Origin of the pilgrimage
Tradition wants that "A Juta Re Feminielli" It originates from an episode that would have occurredin the thirteenth century, WhenTwo local guys, surprised in homosexual intimacy, would have been abandoned linked to a tree, so that they died of hardshipsOr, more likely, for the aggression of stray animals of the forest.Tradition has it that the Madonna of Montevergine would appear to them on the day of the candlestick, and with a benevolent face he would have melted themfrom the ropes that bound them. The fellow villagers of the two young people, believing in their story and drawing teaching from the benevolence of the Virgin, would therefore have spared the life of the two, even tolerating (exceptionally) that they continued to live their love story privately without having to hide more. The same tolerance that, over time, has almost always been shown to homosexual, bisexual and transgender people who went on pilgrimage to the sanctuary. The pilgrimagequeerIn Montevergine, he also deeply fascinated many intellectuals of the twentieth century, by Pasolini who recorded the songs of the faithful and made use of it in the soundtrack of hisDecameron, to Vittorio De Sica, who went to the sanctuary in the company of the screenwriter Zavattini in search of ideas on the popular religiosity of the place, to be used in his filmThe gold of Naples.
Pre -Christian origins
This form of popular religiosity is doubly interesting as it sinks itsroots in the ancient age, when properOn Monte Partenio there was a temple dedicated to the Cybele and Attis gods.
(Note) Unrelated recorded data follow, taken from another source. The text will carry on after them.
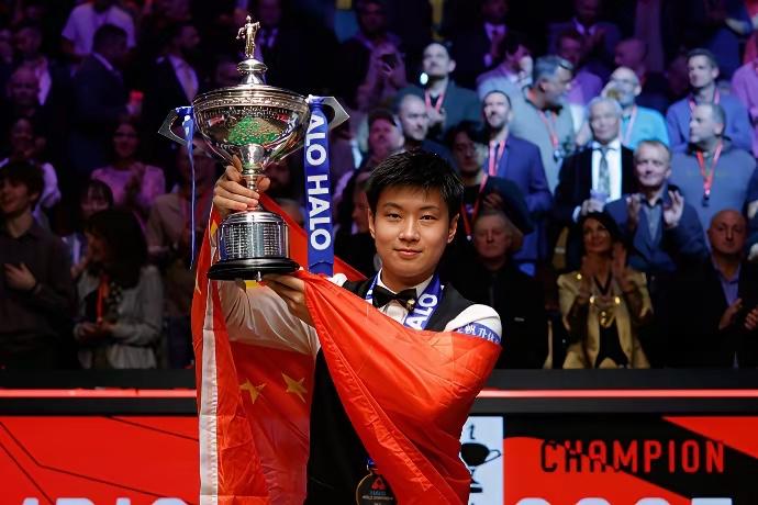 历史级爆发!2026斯诺克世界大奖赛,中国6人进8强!赵心童再夺一冠!2026斯诺克世界大奖赛,中国斯诺克彻底炸场,这可不是随便说说,看看这战绩:8强席位狂揽6席,更史无前例地包揽了4强全部席位,决赛上演中国德比,最终赵心童10:6击败张安达,成为赛事首位中国冠军,且全场轰出5杆破百,单杆145分创赛事纪录,进攻火力拉到比美国海马斯火箭炮还要猛烈精准。 中国斯诺克打出了乒乓球的感觉!正在改写世界斯诺克版图!从当年丁俊晖孤军奋战,到如今中国运动员集团式领跑,中国斯诺克正迎来黄金时代,参赛已不是一人闪耀,而是多点开花,梯队成型,稳定性和球员厚度甚至直逼国乒统治力,欧美长期垄断被彻底打破,东方力量正站上世界台坛中心,真正属于中国斯诺克的时代即将到来,未来可期。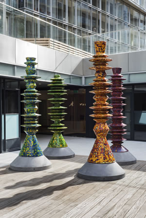 Malaysian artist Haffendi Anuar has created a site-specific series of pilotis, traditional architectural columns that lift a building above ground or water and which are commonly found in stilted dwellings, such as fishermen’s huts, across Asia. Within the context of Battersea Power Station, Machines for Modern Living are intended as surrogates of Battersea Power Station's chimneys.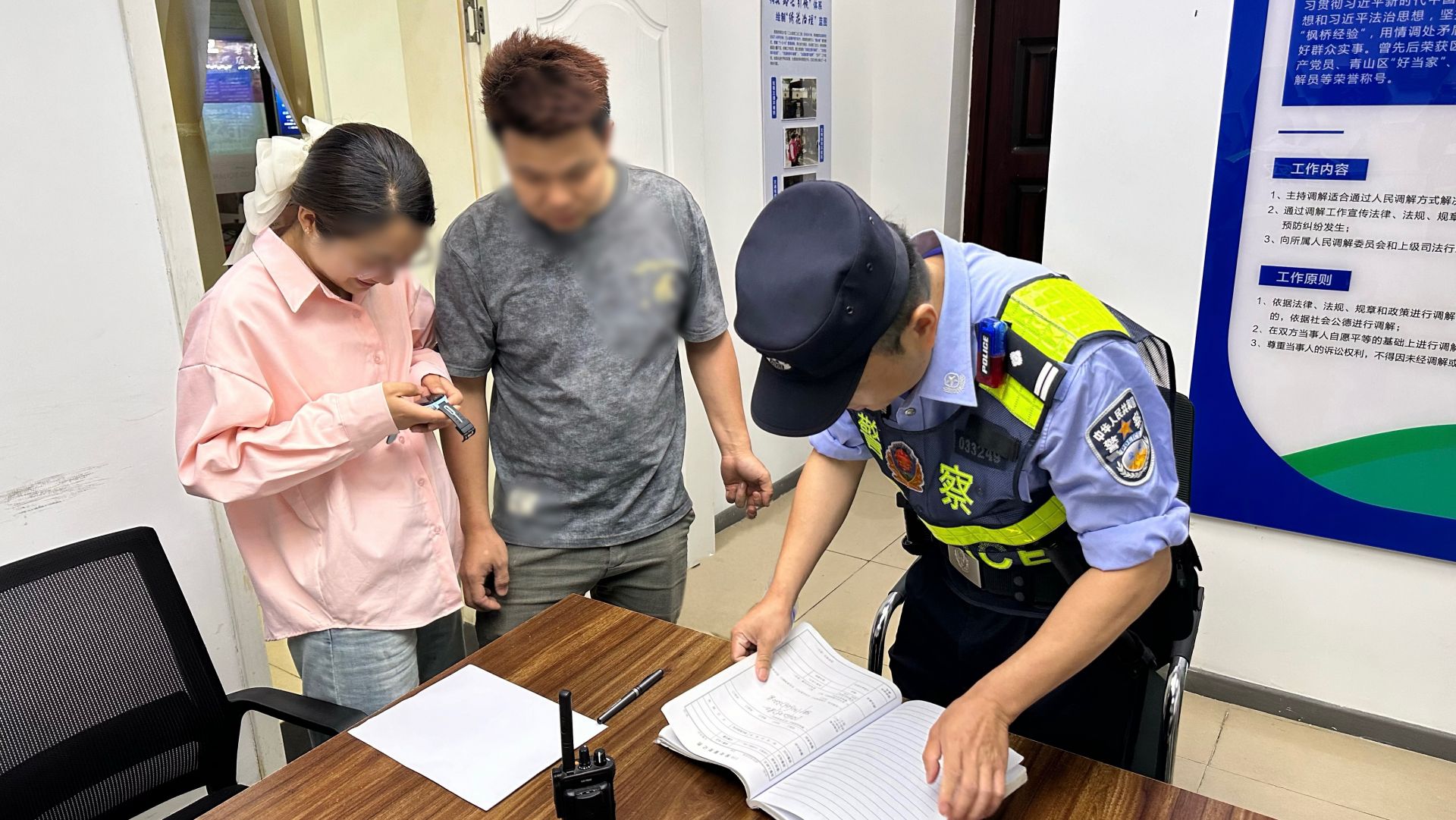 了解事情原委后,隊員任立新、李思瑾、李睿詩及時勸導疏散圍觀群眾,民警張超則一邊耐心傾聽雙方的訴求,一邊擺事實、講道理、普法律,對雙方進行勸導。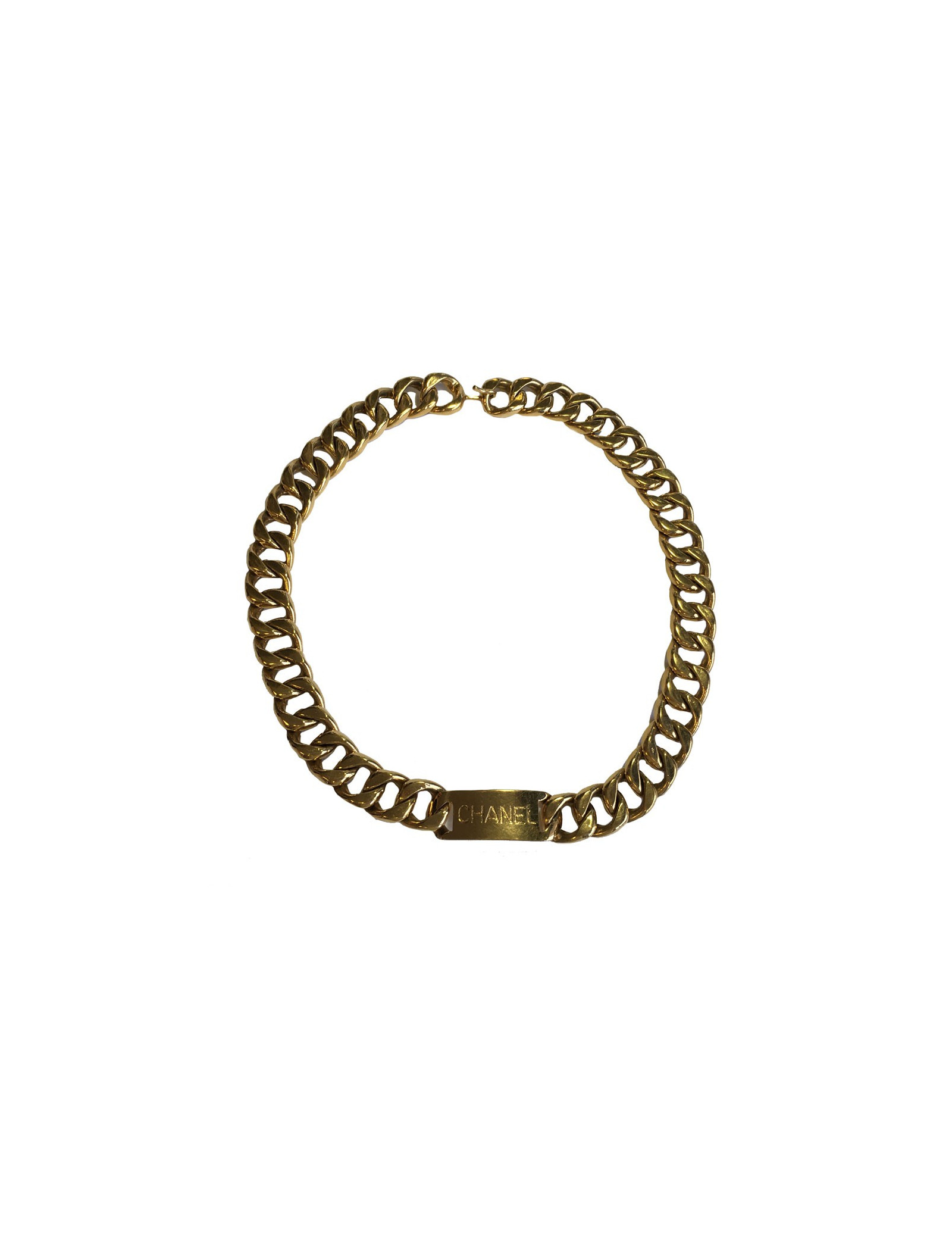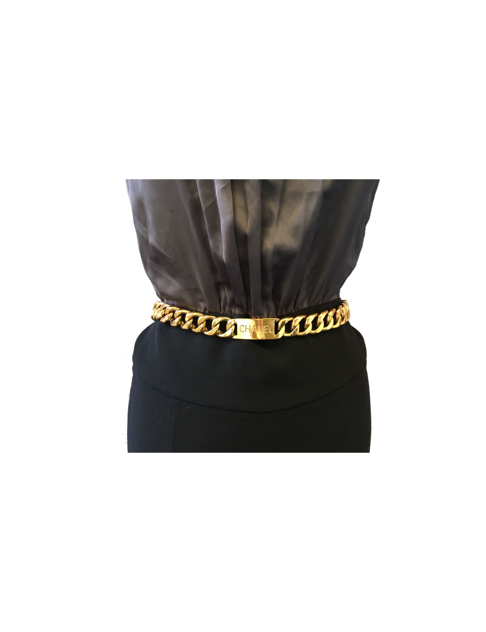 80's!! Ceinture CHANEL 80’ chaine à grosse maille en métal doré. Au centre une plaque avec la marque CHANEL gravée sur le devant.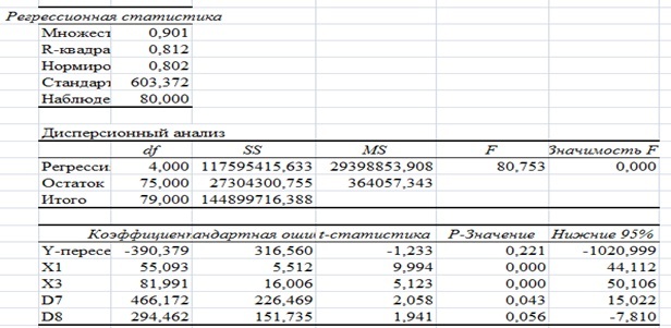 Рис. 2. Результаты регрессионного анализа.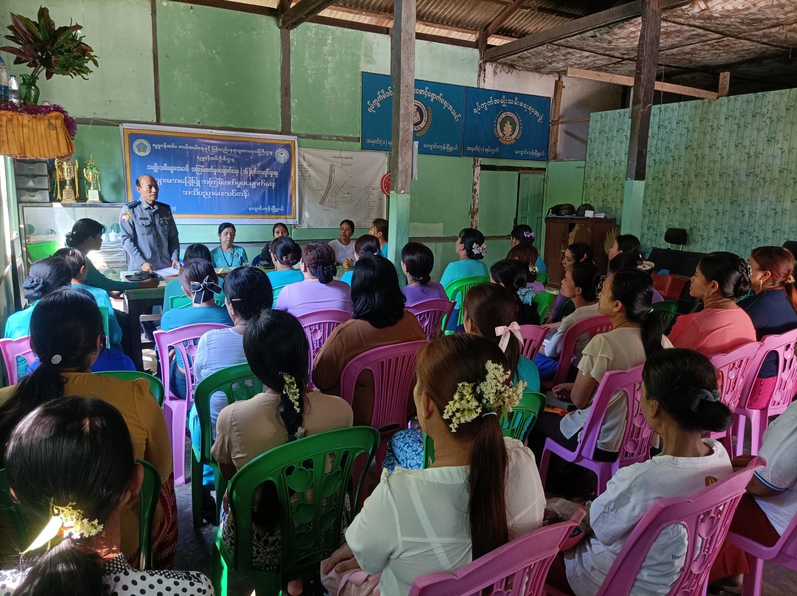ဆက်လက်၍ မြို့မစခန်းမှူး ဒုရဲမှူးဇော်ဝေလင်းကလည်းကောင်း၊ မြို့နယ်ဥပဒေ အရာရှိဒေါ်နီလာဇော်ဝင်းကလည်းကောင်း၊ မြို့နယ်လူမှုဝန်ထမ်းဦးစီးအရာရှိ ဒေါ်သီတာဝင်းကလည်းကောင်း အသီးသီးသင်တန်းပို့ချပေးခဲ့ကြသည်။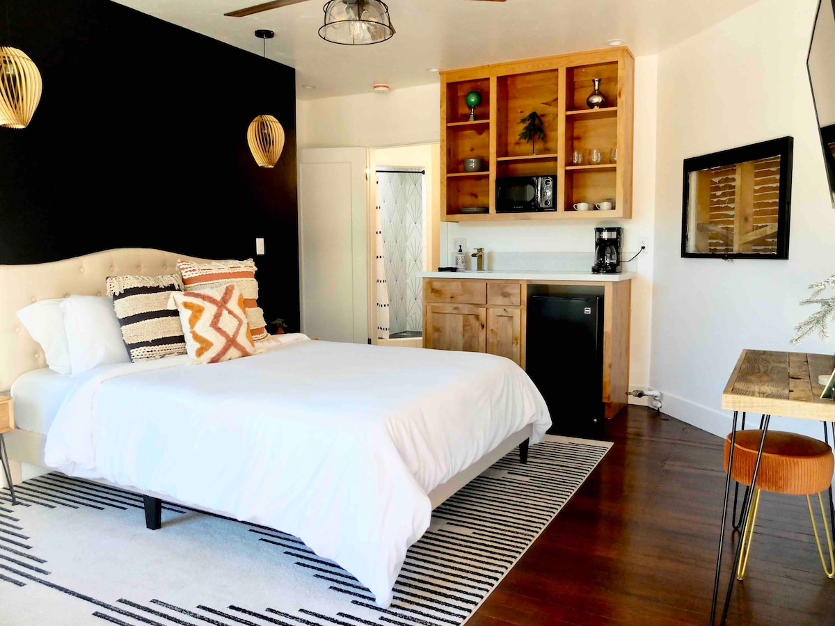 1 oras na biyahe sa Yosemite Valley at mga hakbang lamang mula sa makasaysayang downtown strip ng aming lumang bayan ng pagmimina, Mariposa, ang bagong ayos na 1938 motel room na ito ay may lahat ng kailangan mo upang simulan ang iyong mga pakikipagsapalaran! Tangkilikin ang 5 - star mattress para sa isang kamangha - manghang pagtulog gabi, marangyang banyo na may rainfall shower at bidet, at maginhawang wet bar na may microwave, mini refrigerator, lababo, coffee pot at pinggan! Ang aming gusali ay ang pinakalumang motel sa bayan, na orihinal na nagho - host ng mga turista noong huling bahagi ng 1930!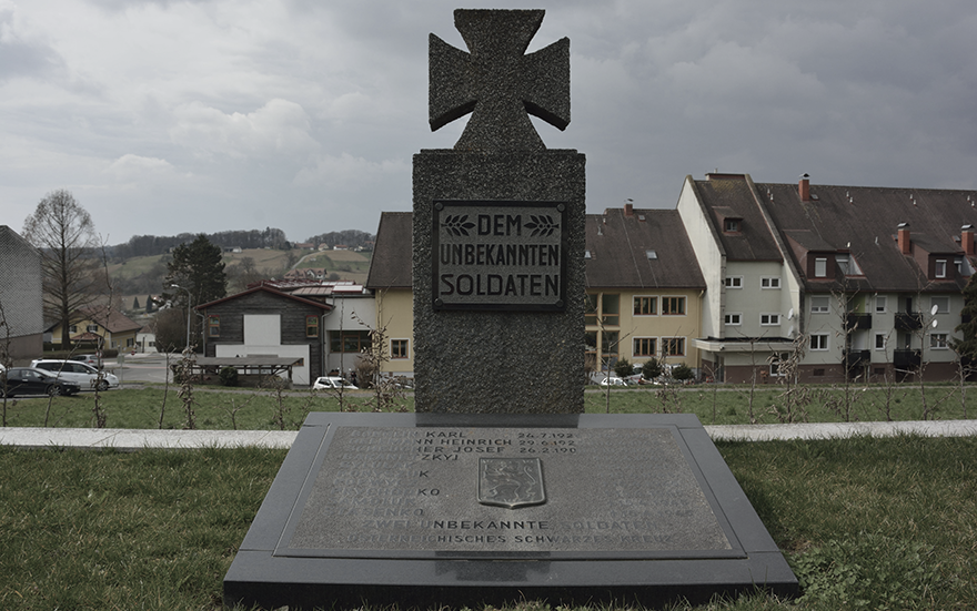 El tercer monumento está en el Soldatenshof [Cementerio Militar] de Mühldorf bei Feldbach en el que yacen los muertos de las dos últimas guerras procedentes de la zona. Pasada la entrada, a la derecha, se conmemora, en alfabeto cirílico y latino, a los muertos de la UNA. A su lado, en el largo montículo en el que consiste el cementerio, están las tumbas de los soldados alemanes de la Segunda Guerra Mundial, muchos de ellos soldados desconocidos. Entre los nombres alemanes o austriacos hay también apellidos ucranianos como Poroschenko.

Being attisEunuca divinity, many of the priests underwent ritual evolution andThe cults had a character that we would define todayqueer, with the priests and many of the male faithful who wore guise and tricks and sang and danced in forms not dissimilar from today. In some cases the cults assumed a real orgiastic character. The cult of Cybele and Attis, of Greek origin, spread to Rome at the end of the third century BC many literary sources of the ancient age speak of it, from Catullo to Virgil himself.
CultsInclusive queer
In the ancient pre -Christian cults of Cybele and Attis, as in the particular form that today in Montevergine takes on the Marian cult,homosexual and bisexual orientation and transgender identityNot only are they not considered as situations incompatible with religious faith, but on the contrarythey are 'channeled' and integrated into ritual formsvery precise and deeply rooted in the spiritual life of the place. It should also be observed thatalso the devotional rites of LGBT people towards the "Mom Schiavona" are the subject of a surprising tolerance by the Catholic ecclesiastical authorities. Only on a couple of occasions, in the early 2000s, tensions were tensions with the abbot of Montevergine (which is also bishop of the place), which, however, had as its object not the nature of the pilgrimage but only the behavior to be kept within the church, which not always, in the opinion of the abbey authorities, was sufficiently composed as it should be within a place of worship.